• _WHAT TO PRODUCE_: Please write out exactly, without any picture, each line from the first in the listing through the line that includes "von Patrick Walder".

• _SUPPLIED RECORDS_:
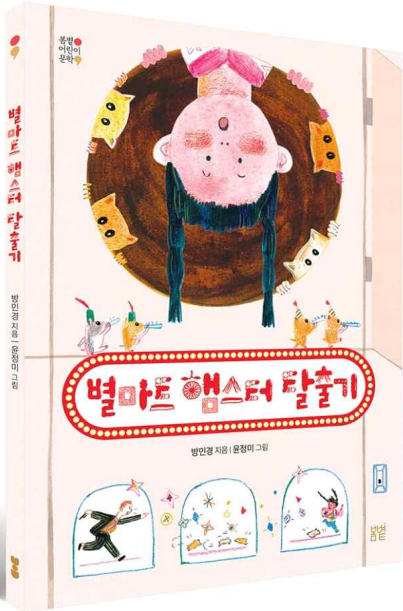
방민경 지음 윤정미 그림 봄별
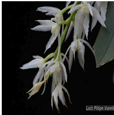
Figura 2: Warmingia eugenii Rchb.f.
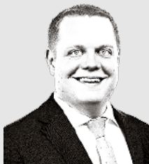
von Patrick Walder

In den nächsten Monaten werden dann auch in den Bezirken die Kantonsratskandidaten nominiert. Diese Kandidatinnen und Kandidaten müssen sich ebenfalls dieser Verantwortung und Erwartung bewusst sein. Dafür dürfen sie sich auf den Wahlkampf freuen, ist der Wahlkampf doch das Highlight der Legislatur. Diese Zeit gibt der Partei und ihren Exponenten die Möglichkeit, die Unterschiede zwischen der SVP und den anderen Parteien aufzuzeigen und mit unseren Lösungen zu überzeugen.
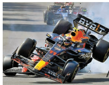
◆佩雷斯起步不久便要退賽。

香港文匯報訊(記者 梁志達) 在主場享受熱情支持的紅牛車手佩雷斯，昨天在一級方程式(F1)墨西哥站中，與法拉利車隊的勒克萊和他紅牛隊友世界冠軍韋斯達賓並肩挑戰領先位置時，與勒克萊的戰車發生碰撞，最終無奈退賽。他表示，主場出賽卻在進入第一個彎便撞車的事故，成了自己F1生涯其中一個「最傷心的經歷」。韋斯達賓結果在此站奪冠，贏得本賽季第16個分站冠軍，以491分領先240分的佩雷斯排第1。
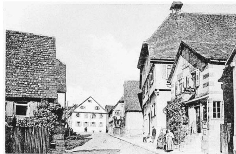
Neckargartach Partie beim Rathaus
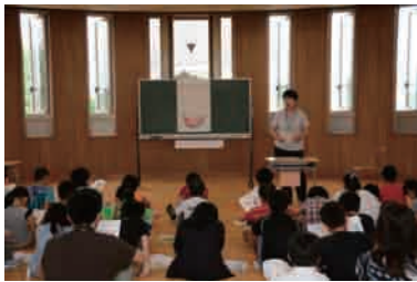
6月に花館小学校で行われた認知症サポーター養成講座の様子

講座を修了した認知症サポーターには認知症の方を支援する目印として、「オレンジリング」を進呈します。あなたも認知症サポーターとなつて、みんなが安心して暮らせるまちづくりに参加してみませんか。
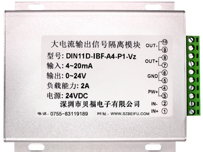
图 1 模块外观图
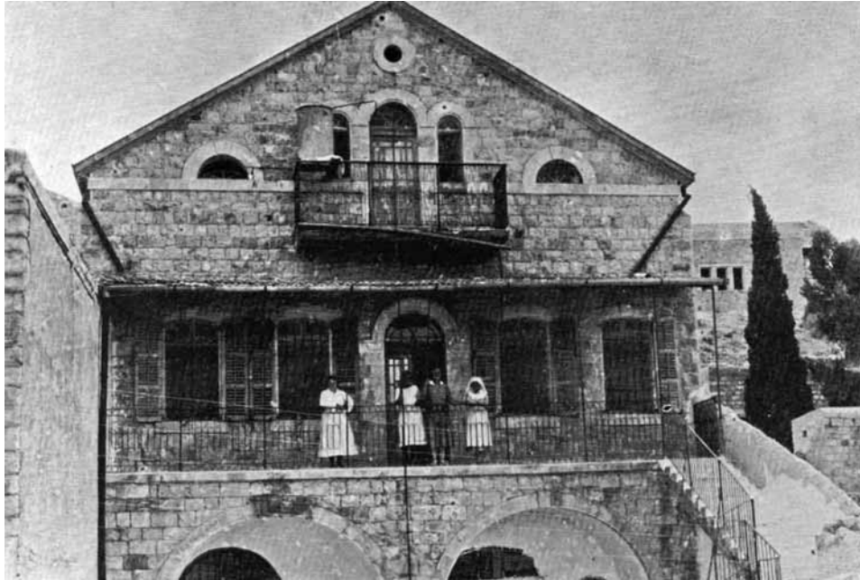
משמאל: בניין בית החולים 'משגב' ליד' בשנת 1915

בית חולים בירושלים להחזקת הישוב, נזדמן לו מיר לקנות את החצר הזו מיר ראשי ומנהלי העדה הספרדית במחיר 20,000 פ'ראנק. 22
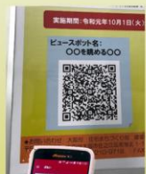
パネルのQRコードを読み取る
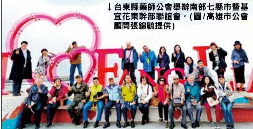
↓台東縣藥師公會舉辦南部七縣市暨基宜花東幹部聯誼會。
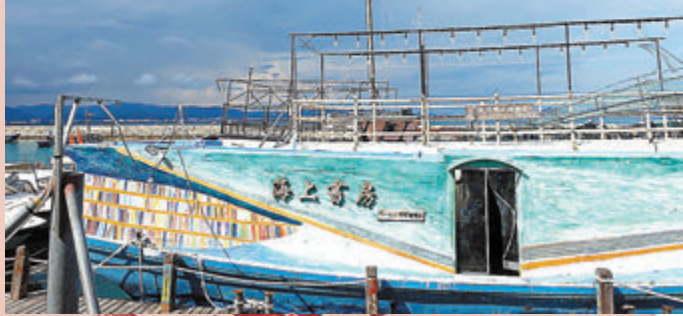
●海上娛樂項目吸引遊客。
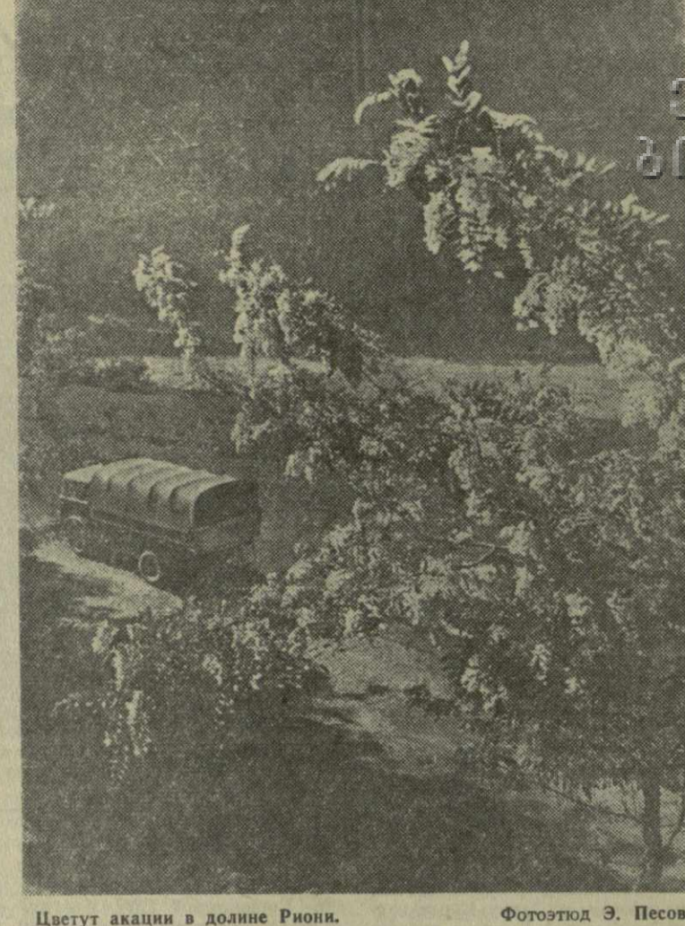
Цветут акации в долине Риони.
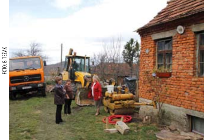
Gradnja nove kućice od 50-ak kvadrata počela je pokraj stare, ruševne, u kojoj su stambeni uvjeti iznimno loši

Stoga iz Udruge Nada mole sve ljude dobre volje da i dalje pomognu u novcu, opremi ili građevinskom materijalu. Pomoć se može uplatiti na žiroračun Ž. Jurića u Zagrebackoj banci broj 2360000-3114796570 ili se dogovoriti na tel. 042-781-788 i 098 9342 592.(ljr)
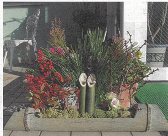
毎年、楽しみにしておられる参加者もいらっしゃる講座です。今年も素敵な三門松が完成しました。

が改修する際の費用の補助金制度があるので、是非、利用して欲しいという説明がありました。 この空き家管理や家財整理もシルバーの仕事として生きています。 タイアップ 又、農村地域においては集落同志のさらなる連携を高めてゆく取り組みも要
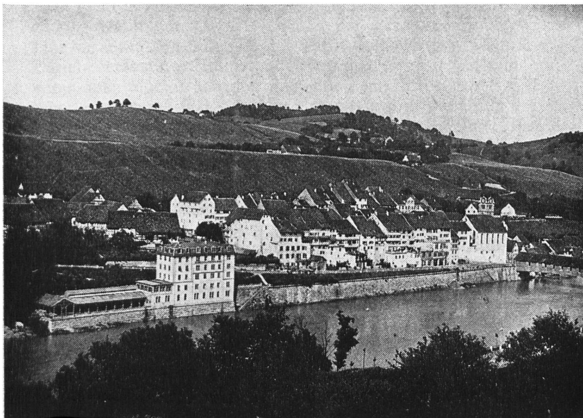
1919 Das Kurhaus kurz vor dem Abbruch der Holzbrücke
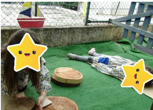
Figura 30- O acampamento
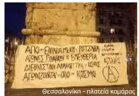
Θεσσαλονίκη - πλατεία καμάρας
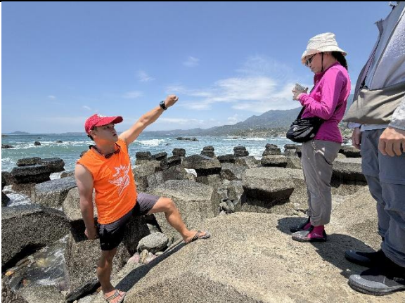
說明：講師分享部落採集習慣。

• _SOLVED EXERCISE_:
방민경 지음 윤정미 그림 봄별
Figura 2: Warmingia eugenii Rchb.f.
von Patrick Walder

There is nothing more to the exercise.